Kane County History: St. Charles Returns Cherished Family Heirlooms from WWII

Kane County History: St. Charles Returns Cherished Family Heirlooms from WWII

  • Editor’s Note: This article is part of a weekly series on Kane County’s amazing history. Today’s article was written by Tim Kirsininkas, marketing manager for the St. Charles History Museum.

The Japanese Good Luck Flag in the St. Charles History Museum collection. These flags were presented to Japanese soldiers departing to fight in World War II as a gift from their families and were inscribed with messages of good luck.

Historic artifacts tell the story of our collective past, and have the power to unite us as individuals and to heal old wounds. War relics come to mind as exceptional examples of this, such as the hinomaru yosegaki, or Japanese Good Luck Flags from World War II.

A traditional gift to Japanese servicemen departing for battle in World War II, the flags were signed by the families and friends of soldiers and inscribed with messages of good luck in the battles to come. Throughout the war, these flags were often seized by American servicemen as trophies or souvenirs from the war off of Japanese soldiers who were captured or killed in action.

(CREDIT: OBON Society)

After the war ended, many of these flags came back to America and were put in the personal collections of U.S. servicemen. One such flag found its way back to St. Charles, and was donated by a veteran to the St. Charles History Museum many years ago.

There is no doubting the sentimental importance of these flags, as the flags serve as reminders of a departed family member, just like tri-folded U.S. flags presented to the families of fallen servicemen here in America. Because of their distinct symbolic importance, it is not appropriate for museums to display the hinomaru yosegaki as part of an exhibit.

That’s why organizations like the OBON Society are dedicated to finding and returning these long lost flags to the families of fallen Japanese servicemen as a show of good faith between two nations that were once bitter enemies that have grown into the closest of allies.

By translating the names of cities and family members inscribed on the flag, the researchers at the OBON society are able to cross-check these pieces of information with Japanese military and family records in order to track down the descendants of the servicemen they belonged to.

We are proud to say that we will be donating the Japanese silk flag in the St. Charles History Museum collection to the OBON Society, and it is our sincere hope that their dedicated staff will soon be able to reunite the long lost family heirloom to its rightful owners.

  • FEATURE PHOTO CAPTION: Family members with a returned Japanese Good Luck flag and photos of the relatives it belonged to. CREDIT: obonsociety.org.

New Exhibit: ‘Ordinary People — Extraordinary Actions

The new spring 2019 exhibit at the St. Charles History Museum titled “Ordinary People — Extraordinary Actions” will explore newly discovered local connections to the Underground Railroad and the abolitionist movement of the mid-1800s.

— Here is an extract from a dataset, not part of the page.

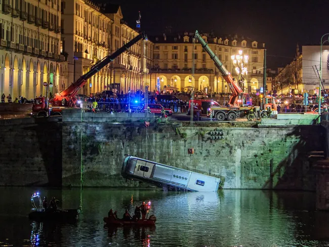 Autocarul care a căzut în Râului Po venea în centrul orașului Torino pentru a lua un grup de elevi aflat într-o excursie. Din fericire, în momentul accidentului, la bordul vehiculului nu se aflau alte persoane în afară de șofer. Dar, în „cursa” către apele râului autocarul a acroșat și rănit trei pietoni.

The exhibit centers around local folk artist and radical abolitionist Sheldon Peck, exploring his previously unknown connections to regional abolitionist figures, whose work played a crucial role in providing freedom-seekers coming from southern slave states with a safe avenue to find new homes in Chicago and the Great Lakes area.

Peck’s artwork can be seen at museums around the United States such as the Art Institute of Chicago, the Chicago History Museum, and the American Folk Art Museum in New York City. The St. Charles History Museum is proud to have a prized original Sheldon Peck painting in its collection which will also be part of the exhibit.

More information about the exhibit will be available on the museum’s website, www.stcmuseum.org, in the coming weeks, with the exhibit scheduled to open on at 5 p.m. Tuesday, Feb. 12.

Volunteers Needed During Annual Shutdown

The St. Charles History Museum is temporarily shut down from January 5th through the first week in February. The museum is performing major maintenance and cleaning during this time.

This year, the museum is rearranging office and archive space to allow more efficient workspaces for staff and volunteers, repacking textiles, finalizing areas in the permanent exhibit, and installing the new temporary exhibit.

Volunteer help is needed in shifts of two hours or more between 10 a.m. and 4 p.m. from now through Friday, Feb. 7. All persons sixth grade and older are welcome.